Positive Elements: Alice and Darlene share a close bond that shows—and grows—as they're forced to look out for one another in prison. Several other inmates kindly show these "new girls" the ropes, giving them information and advice to ease their pain and make the transition smoother. In the end, Alice makes an impassioned plea accepting sole responsibility for the crime they didn't commit, simply to earn her friend's freedom, saying, "I am of weak character and want to make up for my mistakes." Indeed, Alice's checkered past comes back to haunt them both throughout the story, sending the message that character counts over time. Her cynical mid-film assertion that freedom is just an illusion is transformed once she makes this supreme sacrifice. In addition to feeling free as the result of doing what she deems "the right thing," Alice seems to have a deeper appreciation for the freedom she once took for granted.
Spiritual Content: Hank suggests that the girls write letters to influential people back home, including their priest. For all of the times God's name is mentioned (see below), no one ever bothers to pray—an activity conspicuous in its absence considering the characters' circumstances.
Crude or Profane Language: Approximately two dozen profanities include anatomical slang (once to describe Darlene's father), an f-word, 7 s-words and 10 uses of God's name in vain. Also, Alice gives "the finger" to a guard.
Sexual Content/Nudity: Nick seduces Darlene and they spend the night together (sex is implied, but not shown). There's also brief, non-sexual rear nudity in a distant shot of women in prison.
Violent Content: Female guards aggressively shove prisoners into rooms and onto the ground. Discipline involves forcefully smacking Alice's arms with a stick. Police point guns at the girls in airport and after an attempted escape.
Drug and Alcohol Content: Teenagers at a post-graduation party drink beer and hard liquor (the label on a bottle gives Alice the idea to head for Asia—the first in a series of mistakes). At a Thailand hotel, Alice and Darlene order alcoholic beverages. In prison, they both smoke cigarettes and Alice is shown squelching her pain with marijuana (an irresponsible glamorization of drug use). Hank's friend, Roy, drinks booze. Elsewhere, the two men light up cigars at a kickboxing match. Smuggling heroin is a serious crime to the Thai authorities, but many officials are having their palms greased to look the other way. Also, Hank and his teenage clients never make an anti-drug statement by decrying heroin as evil; they're just concerned about who's getting blamed for it.
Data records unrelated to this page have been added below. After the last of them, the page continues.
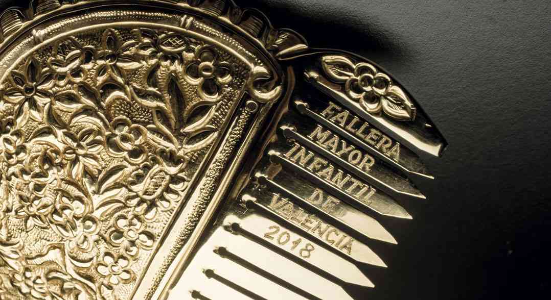 Para el primer traje de Daniela se sigue con el nuevo diseño de peineta. En este caso particular se cumplió con la premisa de incluir el emblema de la ciudad de Valencia. Como motivo arquitectónico remite al estilo neoclásico a semejanza de las peinetas de la Corte. Respecto a la temática de la parte inferior, Elisa afirma que se han querido incluir “las imágenes del Ángel Custodio defendiéndonos contra los males y los demonios”. Esta figura ha sido venerada en la ciudad desde la edad media y se podía ver en ‘les portes grans’ (Torres de Quart, Serranos, Mar y Sant Vicent), para protección de todo el pueblo. “Nos parecía una buena simbiosis para asociarla al emblema y que a la vez resultase más poético”. La peineta es exclusiva y está cincelada a ‘flor de agua’, acabada en oro con superficies matizada, así como personalizada con el nombre de Daniela y su cargo de representación.
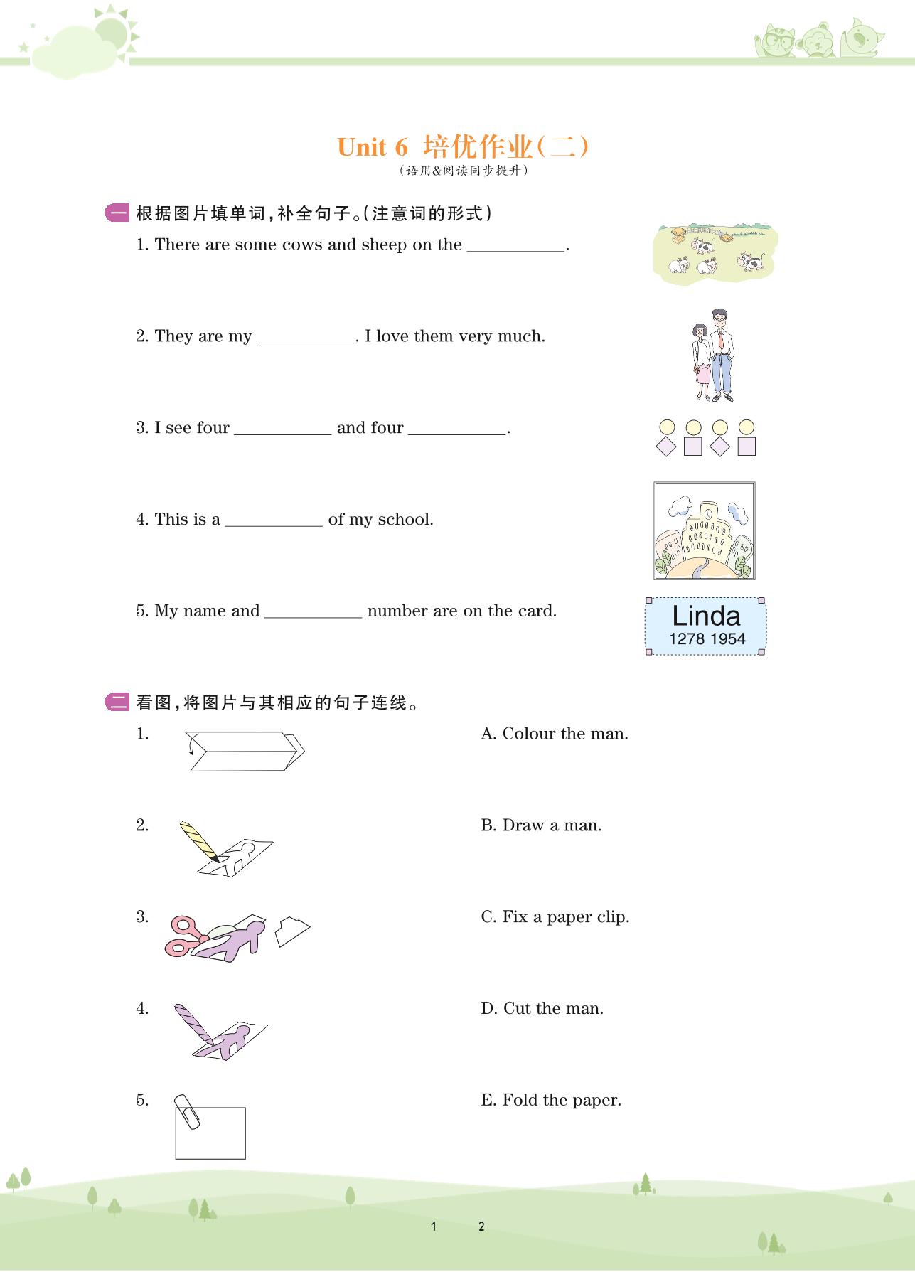 2020上册四年级英语剑桥版 Unit 6 培优作业(二)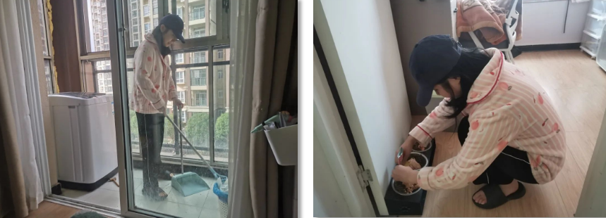 實行靜默管控以來,機電工程系老師陳榮雪,每天忙碌于給在校進行疫情防控工作的老師們收拾屋子,整理家務(wù)。掃地、澆花、倒垃圾、喂寵物,甚至是熬豬油、洗衣服……把老師們家里的一切打理得井井有條。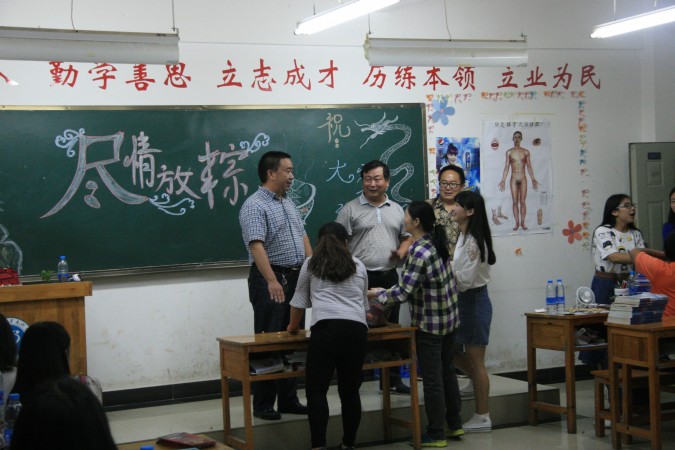 正值端午佳节,远离家乡的曲医学子,在学校的组织下欢聚在教室。阵阵欢声笑语,将整个学校点撒上了浓郁的节日气息和温暖。学校党委副书记徐金学、纪委书记桂发权、校长助理招生就业处处长雍怡敏分别代表学校向学生们送来了温暖的节日祝福,并对广大同学寄予了学习与生活上的深切期望。关切的话语,深厚的关怀,为同学们的端午佳节带来了最为温情的时刻。

Other Negative Elements: Alice and Darlene lie to their parents about their travel plans. (Upon reflection, the parents deserve a hearty dose of blame for the girls' predicament. What well-adjusted parent lets two 17-year-old girls—one with a reputation for getting into trouble—take an unsupervised vacation to Hawaii? They didn't even ask the kids for an itinerary! The fact that Alice and Darlene end up in a "Thai"t spot could have been avoided had these parents done their job in the first place.) The girls hang out by the pool of a swanky hotel even though they're not paying guests, and order food and drinks by giving the waiter a phony room number. With few exceptions, the men in this film are portrayed as nasty, opportunistic, corrupt, untrustworthy or some combination of the above. Even Hank sees the girls' plight as a meal ticket until his wife, who refuses to give up on the case, intervenes.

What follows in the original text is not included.